Date published: 12/16/2012

BY CHELYEN DAVIS

Virginia is the only state that doesn't allow judges to issue summary judgments in lawsuits based solely on written depositions.

Business groups want to change that.

The state Chamber of Commerce and the Fredericksburg Regional Chamber of Commerce are backing legislation in the upcoming General Assembly session that would allow state judges to issue summary judgments based on depositions.

A summary judgment comes when a judge rules on a case without a full trial. It can save defendants the time and expense of going forward with a trial if the complaint doesn't have legal merit. Sen. Richard Stuart, R-Stafford, used the example of personal injury cases, in which a defendant might try to persuade a judge that the plaintiff's injuries weren't the defendant's fault.

The state Chamber's legislative package for the upcoming session says that Virginia's rules don't allow depositions to be used in support of a summary judgment, although depositions can be used to defeat a motion for summary judgment.

"Enacted in 1973, this arbitrary and one-sided rule excludes a portion of otherwise reliable evidence from consideration in support of the motion," the Chamber said in its legislative documents. "The use of deposition testimony in summary judgment proceedings provides judges meaningful access to facts so that unfounded claims may be weeded out before trial.

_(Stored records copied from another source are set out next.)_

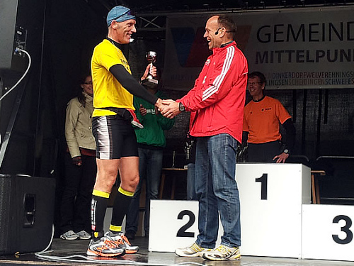 Mit den vielen Freunden und Bekannten stehen wir jetzt noch lange zusammen und genießen den mitgebrachten Sekt. Eine richtig schöne Jubiläumsfeier. Und dann muss ich schließlich noch auf die Bühne und bekomme von Helmut, dem Veranstalter, einen schönen Jubiläumspokal zu meinem goldenen Marathon. Mein erster Pokal überhaupt. Und spätestens jetzt bin ich mir ganz sicher, dass es die richtige Entscheidung war, meinen 50. Marathon hier zuhause in Welver zu laufen.
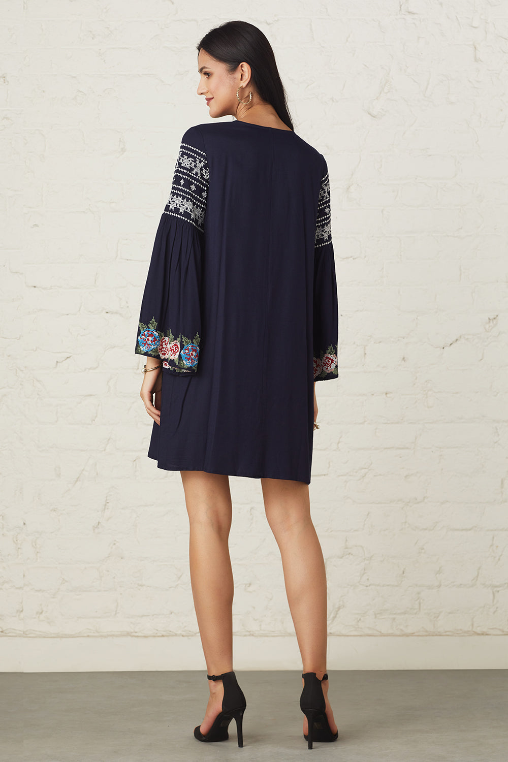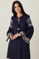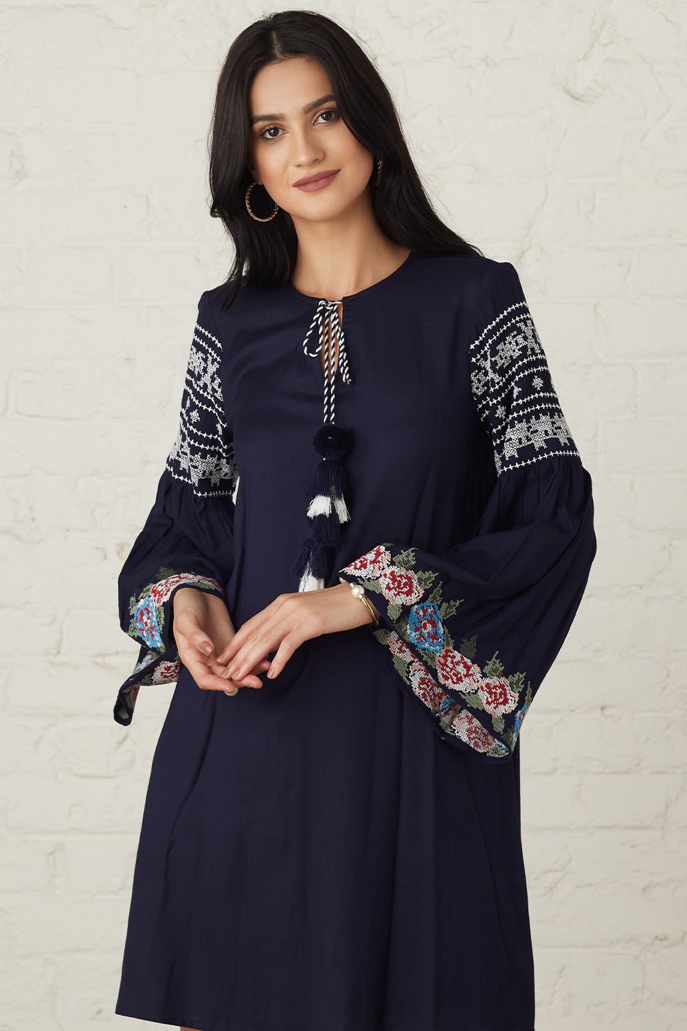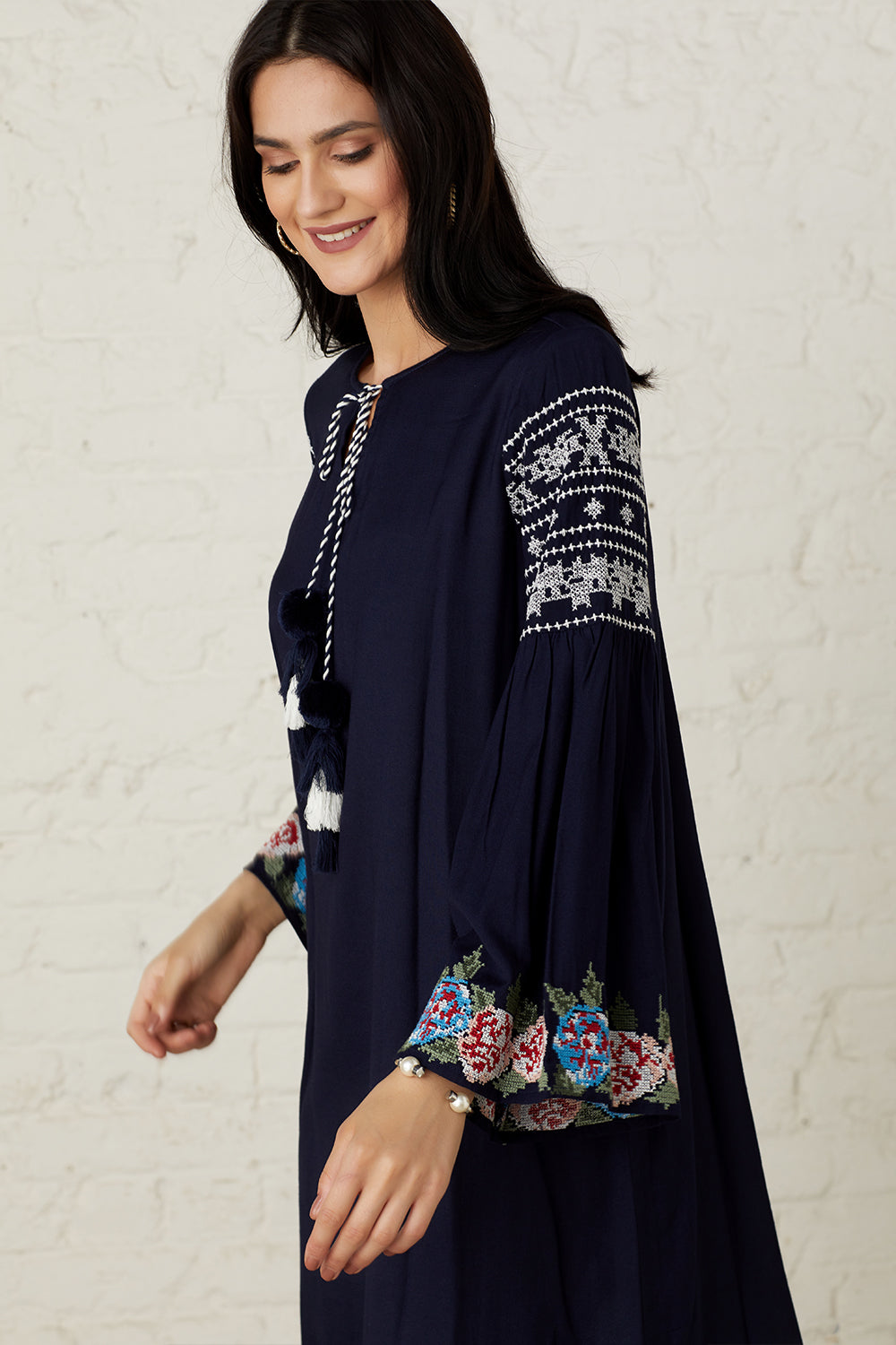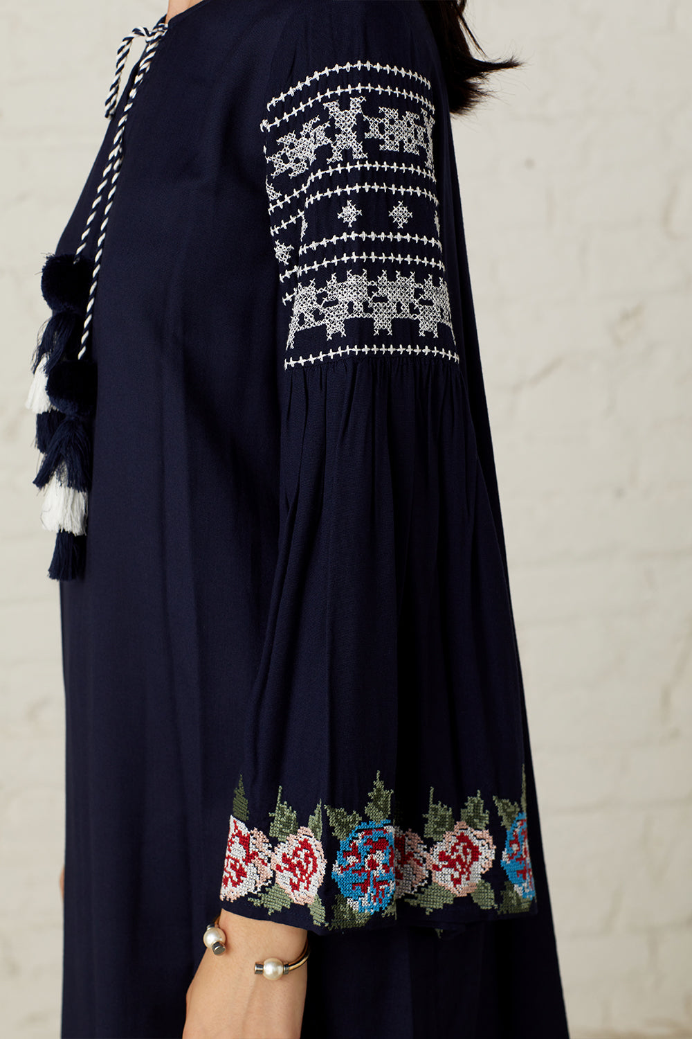 Eye catching cross stitch floral bloom embroidered dress is sure to be beloved. Pair it with your favorite flats for a breezy polished ensemble.
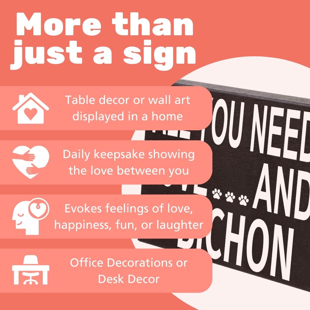 JennyGems Bichon Sign, Bichon Gifts, All You Need Is Love and a Bichon 8x6 Inch Wood Sign, Made in USA
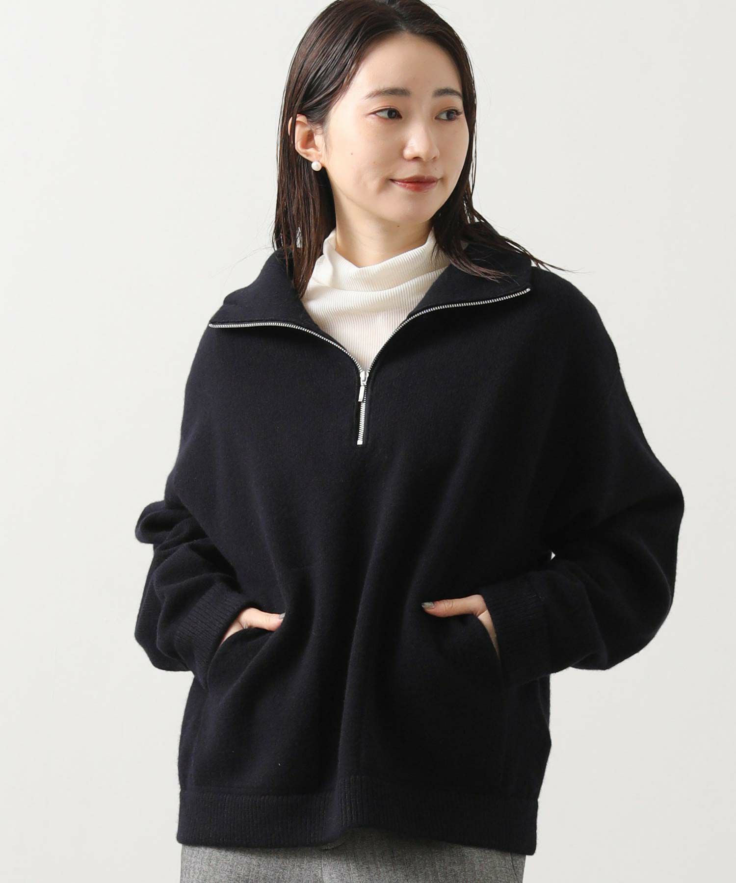 衿もとがアクセントになる旬なハーフジップデザインは、顔周りをすっきり華やかに魅せてくれます。
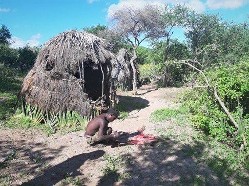 11.Tag - Di. 7.12.21 Lake Eyasi: Ein Ausflug ins Buschland am Eyasi-See im Rift-Valley-bringt uns zum noch völlig archaisch lebenden Steinzeitvolk der Hadzabe Buschleute: Sie kleiden sich vornehmlich in Pavianfelle und schnitzen Pfeile für ihre starken Bögen. Daneben wirken die in der Nähe in Lehmhütten lebenden und die Schmiedekunst kultivierenden Datoga schon fast neuzeitlich.

Defendants unable to remove a matter to federal court are left without a practical summary judgment remedy and must bear the costs of trial before a court may rule to strike the case."

When the issue came up at the Fredericksburg Chamber's annual legislative reception last week, most local legislators said they'd support the change, saying it would help businesses and would save time and money in the legal system.

"I think it will help make the system a little more efficient," House Speaker Bill Howell, R-Stafford, said later in an interview. "If 49 other states are doing it differently then we probably need to take a look at it."

Stuart, however, is not so sure.

He conceded that it would be a way to limit "nuisance suits," and said that if a case can't survive a summary judgment motion, "you're in trouble anyway."